In exchange for the seemingly endless list of qualities, though, I evaluated the relationship itself as we got to know one another. until after a month of dating, we decided to date exclusively. Not because marriage is the fulfillment of some personal goal or life plan, but because God is calling you to love another person as Christ loves us — sacrificially and unconditionally.
From the heights of anticipation, it can send you to the depths of despair.
At times, dating can make you feel like a different person. Dating can be especially trying if you're not simply doing it to have fun, but to get married.
Coming to these realizations required evaluating where I found my ultimate fulfillment and, eventually, discarding the idea that another person could make me whole. Rather than focus on the end-goal of marriage, I set my sights on getting to know the other person.
In short, I had to abandon my search for a soulmate. I learned about her story and priorities, quirks and sense of humor, passions and interests, faith and family. No longer consumed with figuring out whether I would one day marry this woman, I finally had space to enjoy dating her and discovering what made her tick.
Every suitor is a potential husband, and every woman is a possible wife — not to mention father or mother of your future children. It's no exaggeration to say that outside of following Christ, who you choose to marry is the of your life.
More than anything else, it will dictate your future happiness and success.
Then he would hit the "down" side and sink into the depths of depression.In large part, it will determine who you become and the life you lead.With this perspective, it's easy to consider anything less than a ring on the finger a failure.After reaching this point, I decided to ask someone else out. I could allow the relationship to develop naturally, free from internal pressures and anxieties. And I still struggled to keep myself from sizing up dating prospects.
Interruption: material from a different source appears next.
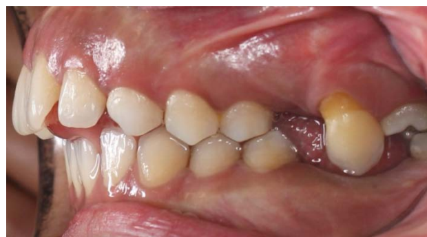
Figure 1. Intraoral view of the canine erupting mesial to the third molar.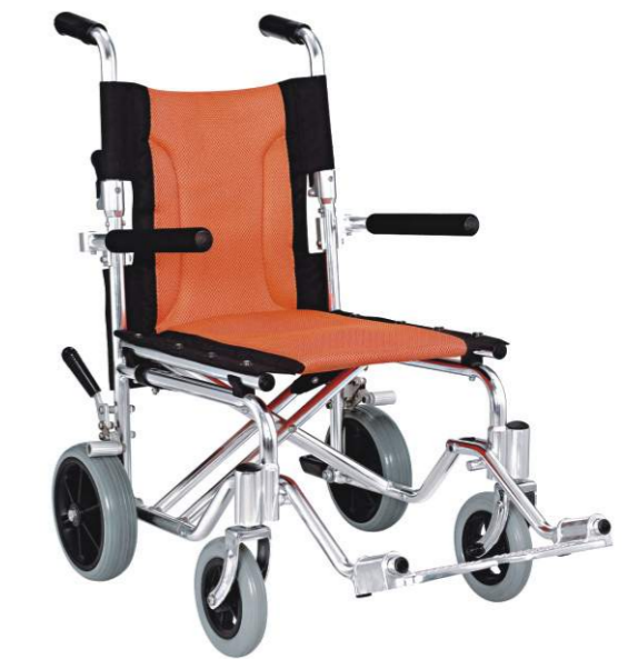
➤ BT946: Aluminum light weight wheelchair

That didn't mean I was quite ready to buy a ring, though.In that context, I began learning whether we were compatible and could ultimately go the distance. Not because either of us failed to clear the bar, but because we weren't right for each other. The difference is, I no longer gave those judgments much weight, whereas before they were . Instead of the "perfect" spouse, now I wanted to find a person with whom I enjoyed sharing life. At the time, I had a coworker who although beautiful, didn't seem like a perfect match for me. We met each other's family and talked about our future. We still had a journey to travel before getting married.